Very Cool. Check it out.
http://www.directv.com/DTVAPP/global...setId=P4920044


----------



## rolybert (Oct 1, 2008)

musrmgr said:


> DirecTV has released the beta version of DirecTV2PC, which will let owners of an HR2x series DirecTV HD-DVR stream video to their PC
> 
> Very Cool. Check it out.
> http://www.directv.com/DTVAPP/global...setId=P4920044


link does not work.


----------



## musrmgr (Feb 2, 2005)

http://www.cyberlink.com/prog/event/2008/directv2pc/enu/index.jsp


----------



## JimSpence (Sep 19, 2001)

Try this one.
http://www.directv.com/DTVAPP/global/contentPageNR.jsp?assetId=P4920044

This link is complete.


----------



## LlamaLarry (Apr 30, 2003)

Is CC timing messed up for anyone else?


----------



## Fezmid (Dec 6, 2001)

I can browse both of my HR21 boxes, but I can't play anything. When I try, it says "DIRECTV2PC cannot connect to the server. The protected content cannot be played back at this time."


----------



## smoking_rubber (Dec 21, 2005)

What wires are used to transfer the media from my DVR to my PC? Must I have everything on a home network?


----------



## shibby191 (Dec 24, 2007)

Fezmid said:


> I can browse both of my HR21 boxes, but I can't play anything. When I try, it says "DIRECTV2PC cannot connect to the server. The protected content cannot be played back at this time."


DBSTalk is going to be your best place for help. There are several threads. If I had to guess your monitor is not HDCP compliant.


----------



## shibby191 (Dec 24, 2007)

smoking_rubber said:


> What wires are used to transfer the media from my DVR to my PC? Must I have everything on a home network?
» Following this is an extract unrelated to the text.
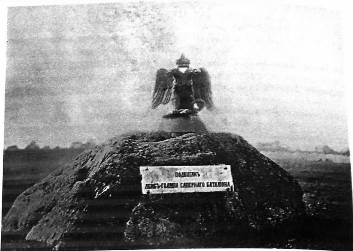
Ил. 1. Памятник «Подвигам Лейб-Гвардии Саперного батальона» в Петергофе. Фотография К. Фишера. XIX век. Инв. № ИДФ А/930. Военно-исторический музей артиллерии, инженерных войск и войск связи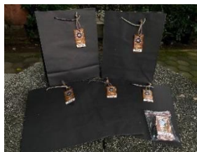
Gambar 10. Packaging UMKM Batik

It's on your home network. Again, DBSTalk is the main source of info on this application. Satguys also has some info. And you're not transferring media, you're just watching a streamed recording from the DVR. It's all protected via HDCP, it's not a file transfer that you then can play on your PC.


----------



## shibby191 (Dec 24, 2007)

Here is the forum that has several threads on this app: http://www.dbstalk.com/forumdisplay.php?f=112


----------



## Fezmid (Dec 6, 2001)

shibby191 said:


> DBSTalk is going to be your best place for help. There are several threads. If I had to guess your monitor is not HDCP compliant.


Yeah, I know - I posted there too.

However from what I've read, there's a specific HDCP error message and that's not what I'm getting....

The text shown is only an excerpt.